Un fragmento de La historia imperfecta de Hugo López Martínez. Un paraguayo con sabor colombiano que descubrí esta tarde.
El techo, la telaraña, la taza de café, el cigarrillo, piedras y solares de una geografía, la primera frase al fin lograda, las disgresiones alrededor de un mismo personaje, en fin, ese libro de reyertas y consentimientos buscando el contrapunto de lo natural y humano.
Lo insoportable y extraño en un roce perpetuo, línea tras línea. Allí está la plaza, el lugar común, la única vía de comunicación y de movimiento. El silencio cohabita con los balbuceos y las vacilaciones. El delator es un desheredado de la juerga cotidiana, borra e inventa nuevos nombres y apellidos. Alguien agrede la intención de revivir, nadie presiente ni recompensa el deseo de reconciliación entre el pesimismo y la clarividencia.
La estatua, otro lugar común, contrae los hoyuelos del transeúnte desenfrenado y en su blancura se disipa el estentóreo grito de la gente en la calle.
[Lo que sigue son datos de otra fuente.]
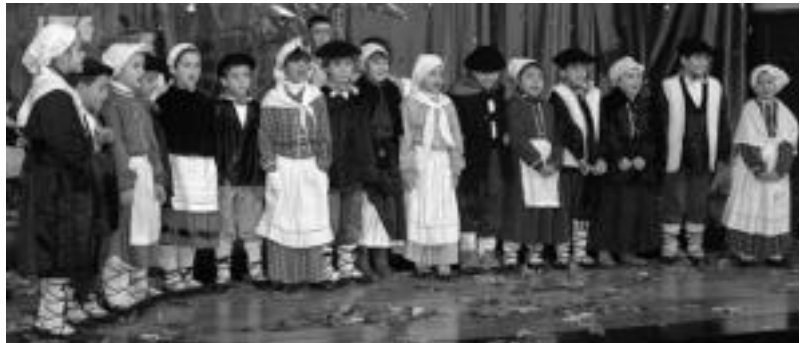
Lehenengo zikloko ikasleak kantu kantari. HITZA

«Oso festa bereziak» igaro dituztela antolatutako ekitaldiekin diote Hirukiden. «Gabonez gozatu eta, aldi berean, deskantsatu ere egin baitugu; orain, berriz, bigarren hiruhilabeteari gogoz eusteko garaia heldu zaigu denoi».
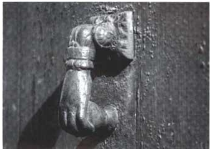
C/ Sant Antoni.
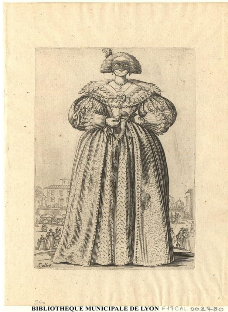
Fig. 2. Jacques Callot, La dame au masque , Bibliothèque municipale Lyon, Gallica. BNF.

En las cada vez más extensas descripciones de los trajes de, en este caso la tipología del ballet ecuestre o carosello , se repiten materiales más que alusiones a diseños propiamente, que resaltan la riqueza de los componentes propios de una élite capaz de permitirse esos costes, como terciopelo, seda, joyería como aderezo así como una ingente variedad de plumaje de aves, como las garzas, para decorar los yelmos de unas armaduras, remanente del traje militar medieval por excelencia, reconvertido en vestuario eminentemente cortesano.

Escribir, entonces, es un aliento más para decantar a la vida en su vuelo de paloma por encima de las nieblas y de las cenizas.
Escribir, entonces, desde el fondo de los bolsillos, con el brillo de las vajillas, con la quietud del callejón, sobre el movimiento de la llave en la cerradura, sobre el pañuelo que envuelve despojos y lugares comunes, aunque duelan los dientes, aunque los labios estén rotos.